Городского садовника не любили. Кое-кто в Герцбурге поговаривал, что можно было бы и вовсе обойтись без него. «Хлопот от него куда больше, чем пользы, – ворчали люди. — В старом Христофе столько желчи, что для крови, верно, и места не остается. Попомните наше слово: как преставится, вскроют его – и внутри все желто будет! Да и годится ли это, что какой-то холопский сын от порядочных людей нос воротит?!» Другие возражали: «Ну и что с того, что характер не сахар! Мы тут все не серафимы. Он цветы растит – на зависть. Пусть и дальше растит, а мы уж потерпим как-нибудь. Хочет жить наособицу – так что ж, не наша это забота». Первые ворчали, но соглашались. Саду Христофа и вправду не было равных. Розы – рдяные, янтарные, лазурные – взрывались фонтанами лепестков. Изящные лилии могли бы венчать и королевское чело. Лучшие лавки Герцбурга и соседних городов боролись за его цветы, дворяне закладывали имения, чтобы подарить возлюбленным эту хрупкую красоту.

Христоф не пускал в сад посторонних. Сад будоражил воображение герцбуржцев помоложе; родители тщетно убеждали их, что никакой тайны нет.

И это было правдой. За решетчатыми воротами Христоф укрывался от людей – и только. В юные годы ему, крестьянскому сыну, привелось перенести немало унижений. Хозяева, бюргеры и знать, в ту пору ставили цветовода не выше дрессированной собаки. Но кропотливым трудом Христоф завоевывал себе положение. Накопив немного денег, он завел в окрестностях Герцбурга собственный садик, вывел три сорта дорогих лилий – и разбогател. С достатком пришло уважение, и в сорок лет ему вверили городской сад, где он водворился полновластно. Он выгнал всех трутней, закрыл вход для праздношатаев и наладил все так, что сад стал славой Герцбурга.

И все же садовника не любили. Едва сутулая фигура показывалась из-за угла, знакомые с Христофом переходили на противоположную сторону. Он стучал черной тростью по булыжнику мостовой – не стучал даже, а колотил, что вызывало мигрень у пожилых дам. Шел он, не считаясь с другими прохожими. Случалось, наконечник трости ударял по чьей-нибудь ноге. Пострадавший возмущенно требовал извинений; Христоф, ухмыляясь, фыркал из-под пышных усов: «Не извольте серчать, любезный господин!» Любезный господин почему-то чувствовал себя неуютно и больше со стариком уже не связывался.

В церкви садовник садился всегда на одно и то же место, презрев всякую иерархию и манеры. От него отсаживались на почтительное расстояние, якобы из-за терпкого запаха удобрений.

Христофа не любили, но с ним мирились, и ему не перечили… пока в Герцбурге не появился новый почтмейстер.

Одним воскресным утром садовник явился, как обычно, в церковь.
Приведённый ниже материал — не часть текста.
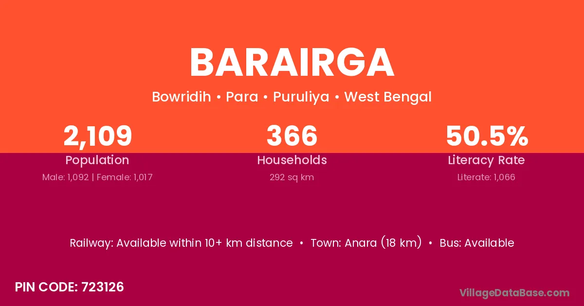 Barairga village has a total population of 2,109 people, of which 1,092 are males and 1,017 are females.
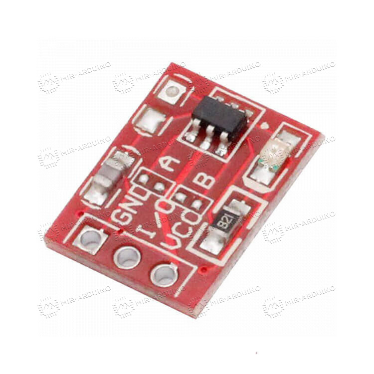Датчик касания TTP223 выполнен в виде сенсорной кнопки на базе контроллера TTP223-BA6. Является бюджетной альтернативой тактовой кнопке. Может работать в режиме фиксации, активируется при прикосновении. Модуль представляет собой плату, которая может подключаться к Ардуино. Пользователь может отрегулировать чувствительность кнопки путем увеличения контактной площадки датчика, уменьшения толщины стенок корпуса, где расположен сенсор, а также с помощью конденсатора меньшей емкости. Предусмотрено три выхода – напряжение питания, земля и выход на микроконтроллер.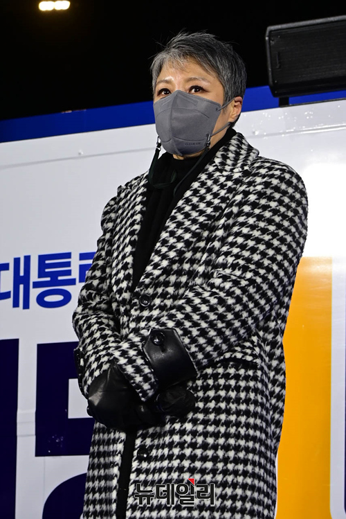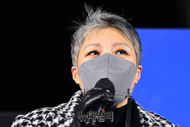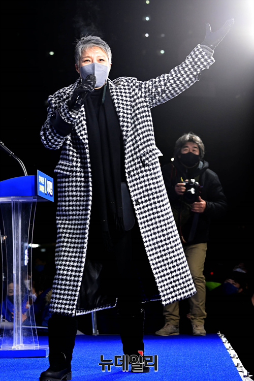 가수 이은미가 16일 오후 서울 송파구 잠실새내역 인근에서 열린 이재명 더불어민주당 대선후보 집중유세에 참석해 지지 유세를 하고 있다.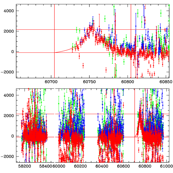 ● CTIO ● SAAO ● SSO ● Largest local dchi2 value (same as site of EVENT name) ● Local dchi2 is less than 0.05 times global dchi2 KMTA31_I.diapl KMTC31_I.diapl KMTS31_I.diapl gzipped tar file for all DIA data | |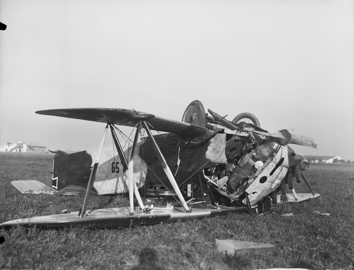Havererat militärt flygplan Phönix C.I märkt 121.59 tillhörande Österrike-Ungern ligger upp-och-ned på ett flygfält. Vy från sidan.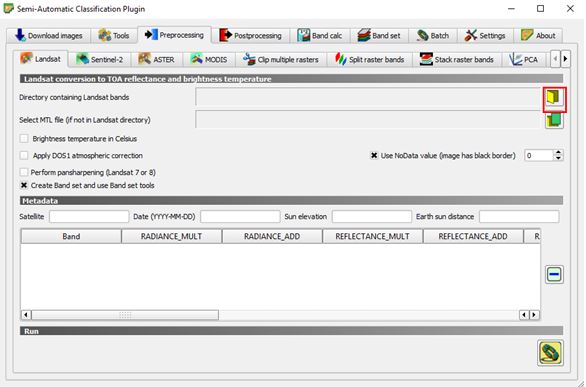 After following the path and clicking Landsat, a new window should open, such as the one shown in Figure 8. Click on the yellow icon indicated by a red box in Figure 8 to select the folder where your images and metadata are. It is important that the folder structure remains the same as downloaded because the plugin will automatically use the correspondent metadata.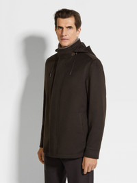 The dark brown Oasi Cashmere Elements Cima overjacket is the epitome of luxury outerwear. INFO Zegna's exclusive cashmere is made water-repellent using innovative technology, granting the dark brown Oasi Cashmere Elements Cima overjacket its exceptional weather resistance. The ultra-smooth finish of this luxury fabric elevates any adventure. A hooded stand collar, welt pockets, and leather accents complete the sleek design. CIMA ('tʃima) — ITALIAN FOR 'SUMMIT' The inspiration for the Cima Jacket was Born in Oasi Zegna — the home of our values in the Italian Alps. It's crafted from Oasi Cashmere fibres, which ZEGNA commits to certifying as traceable from 2024. The pinnacle of our outdoor-ready offering, it's worn for warmth during revitalising hikes. PRODUCT CODE UET42A8-7210-M09 MATERIALS AND CARE Main body: 100% Cashmere Leather details: Calfskin Lining: 100% Polyester This Oasi Cashmere Collection garment is crafted from soft cashmere that's specially treated with a water repellent finish — a tribute to our founder's legacy of textile innovation. We commit to certifying Oasi Cashmere fibres as 100% traceable from 2024. Do not wash. Do not bleach. Do not tumble dry. Iron at max 110°C. Professional dry cleaning in hydrocarbons, mild process. Professional leather clean only. Protect leather details before washing. FIT AND PRODUCT DETAILS • Regular fit • Stand collar with hood • Open hem • Adjustable cuffs • Zip and button closure • Welt pockets • Leather details and drawstring • Water repellent • 74 cm length on size 48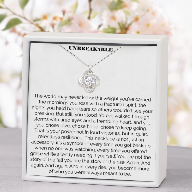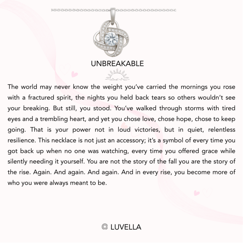 The Unbreakable Grit Eternal Knot Necklace celebrates resilience, courage, and inner power — a meaningful keepsake for anyone who continues to rise through life’s challenges.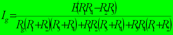 若电桥的负载电阻Rg为无穷大,则B、D两点可视为开路,上式可以化简为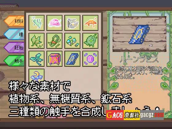 使用材料合成触手幼体,将其放入触手培养装置中,培育长大后,就能和触手愉快地玩耍啦!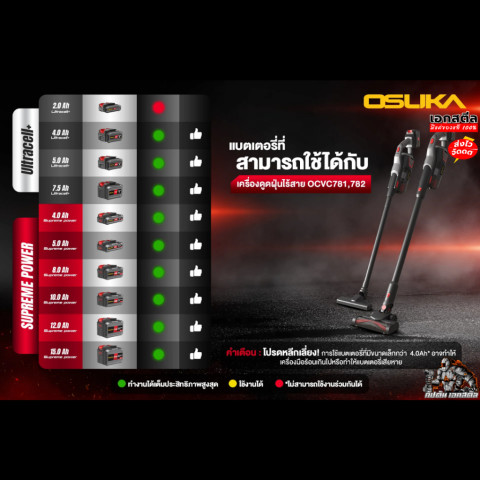 หากคุณกำลังมองหาเครื่องดูดฝุ่นไร้สายที่ทั้งแรง ทน ใช้งานสะดวก และมีหัวต่อให้เลือกหลากหลายสำหรับทุกมุมของบ้าน OSUKA OCVC782-M1 23Kpa รุ่นท็อปเครื่องนี้ คือคำตอบที่คุ้มค่า ทั้งในแง่ประสิทธิภาพและการรับประกันที่ยาวนาน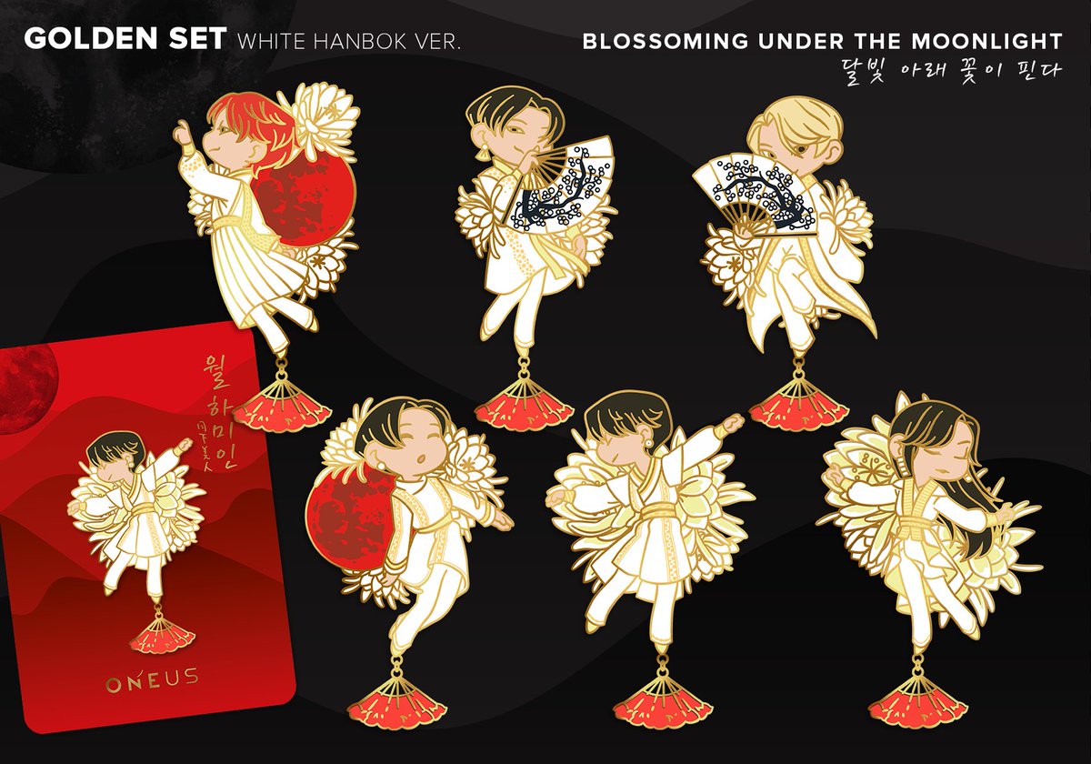 [THREAD] 🎴Blossoming under the moonlight🎴 More detailed pictures of my ONEUS' project. For today, the first set (of two): White Hanbok Version (or Golden set), inspired by LUNA's stage from their 071121 concert. #ONEUS #ONEUSfanart #원어스 Link below⬇️

Был жаркий день, и в плотном костюме он изрядно взопрел. Служба еще не началась. Шагая между рядами, старик отирал платком пот со лба. Когда он подошел к своей скамье, та оказалась занята. Какой-то тучный господин восседал на его, Христофа, законном месте и очевидно страдал от зноя и скуки. По плешивой голове обильно – будто она таяла – текли крупные капли.

Христоф сказал:

– Будьте так любезны освободить мою скамью.

Толстяк с трудом повернул голову и пробубнил:

– Да-да, конечно, я подвинусь. Прошу меня извинить.

Христоф процедил:

– Я никого не просил подвигаться. Я просил освободить мою скамью.
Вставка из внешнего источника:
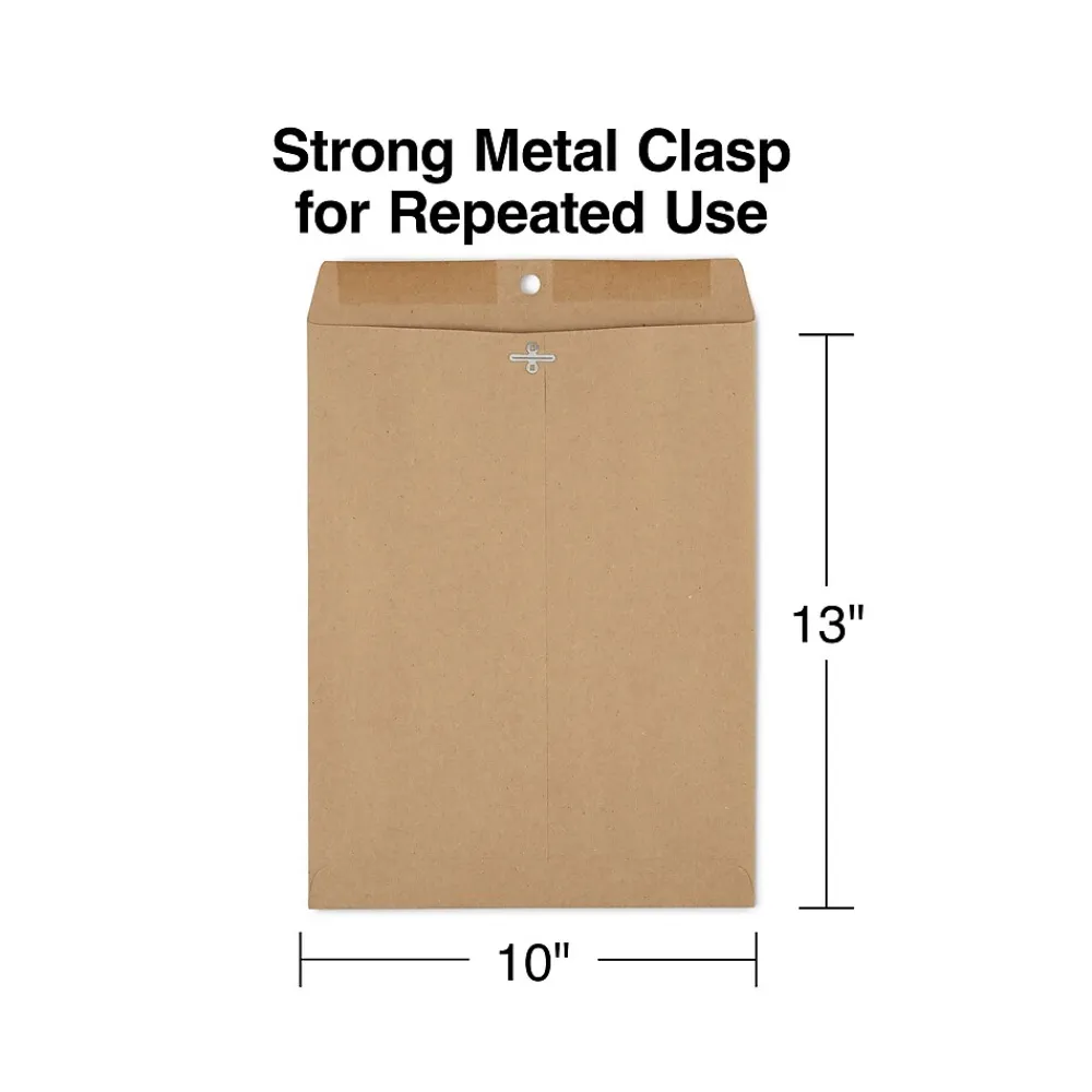Give mailings a professional touch with these Staples 100 percent recycled envelopes. The gummed flaps feature clasp closures to ensure items stay stored securely inside, while the natural brown color offers a perfect background for white shipping labels. These Staples 100 percent recycled envelopes are crafted from 24-pound stock to withstand wear and tear during the mail-handling process.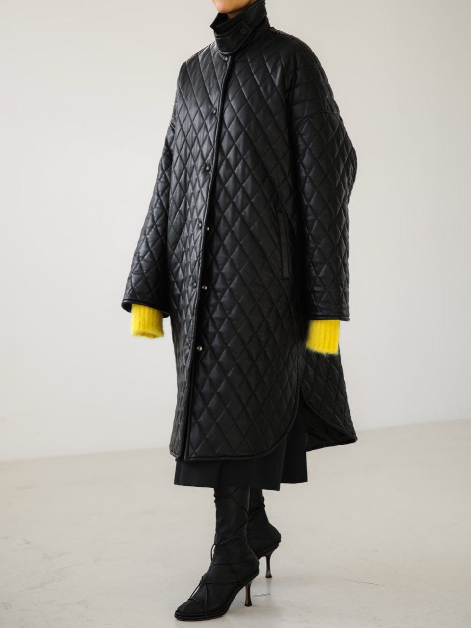 (PAPER MOON) VEGAN LEATHER QUILTED PADDED SNAP BUTTON COAT : BLACK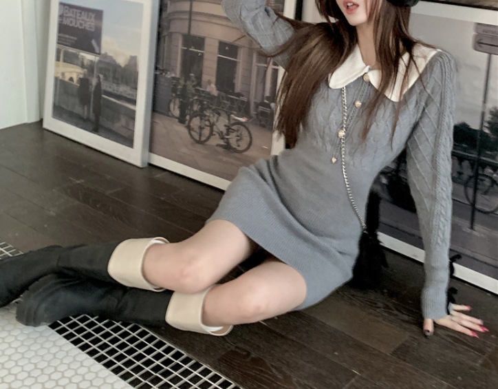 2025 달콤하고 매운 스웨터 원피스 여성의 가을과 겨울 새로운 허리 스파이스 소녀 니트 힙합 스커트 짧은 스커트 그레이 스커트스토어 가기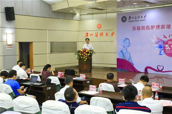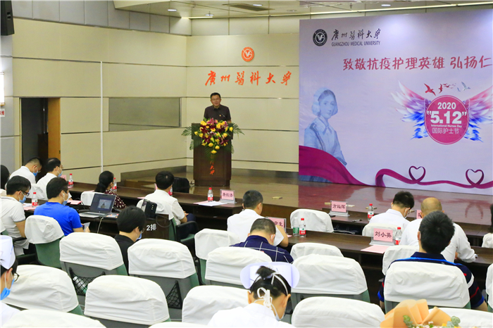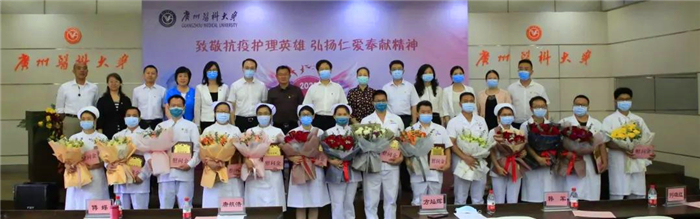 2020年5月12日,第109个国际护士节,今年国际护士节的主题为“守护世界健康”。当日上午,学校举办“致敬抗疫护理英雄 弘扬仁爱奉献精神”主题庆祝与致敬活动。广州市人大常委会副主任、市总工会主席唐航浩,团市委副书记高洪祥,广州市妇联副主席傅蝶,广州市教育工会负责人韩军等领导,学校副校长、工会主席方灿辉和相关职能部门负责人,各附属医院相关负责人,广医系统全体援鄂护理人员,番号鸽

Тучный господин его будто и не слышал. Точно громадный слизень, он медленно пополз вправо, пока из-под обширного зада не выпростался кусочек скамьи.

– Пожалуйте, – улыбнулся он. – Я новый почтмейстер, Йохан Шпатенверфер. С кем имею честь беседовать?

Садовник затрясся от злости. Трость застучала по мрамору, как дятел по дубу, потом заходила в руках и вдруг взлетела. Удар обрушился на спинку соседней скамьи, но бивший охотнее направил бы его на голову почтмейстера. На кафедре возник пастор, сияющий ослепительней церковных стен.

– Братья и сестры!.. – начал было он, но, увидев быстро удаляющуюся спину Христофа, запнулся.

Происшествие обсуждали несколько дней. Почтмейстер оказался человеком незлобивым и сам заступался за вспыльчивого старика.

А тот ненавидел – люто, до безумия. В улыбке толстяка он усмотрел насмешку. Рассудок затопили гнетущие воспоминания. Вот такой же ухмылкой Христофа ставили тогда на место. Над ним забавлялись и ради пущей остроты притворялись, будто он среди равных. Но это было, как и сейчас, единственно для виду. Чего бы он ни достиг, для них он остается чумазым крестьянским сынком, который имел наглость из деревенской глуши перебраться в Герцбург.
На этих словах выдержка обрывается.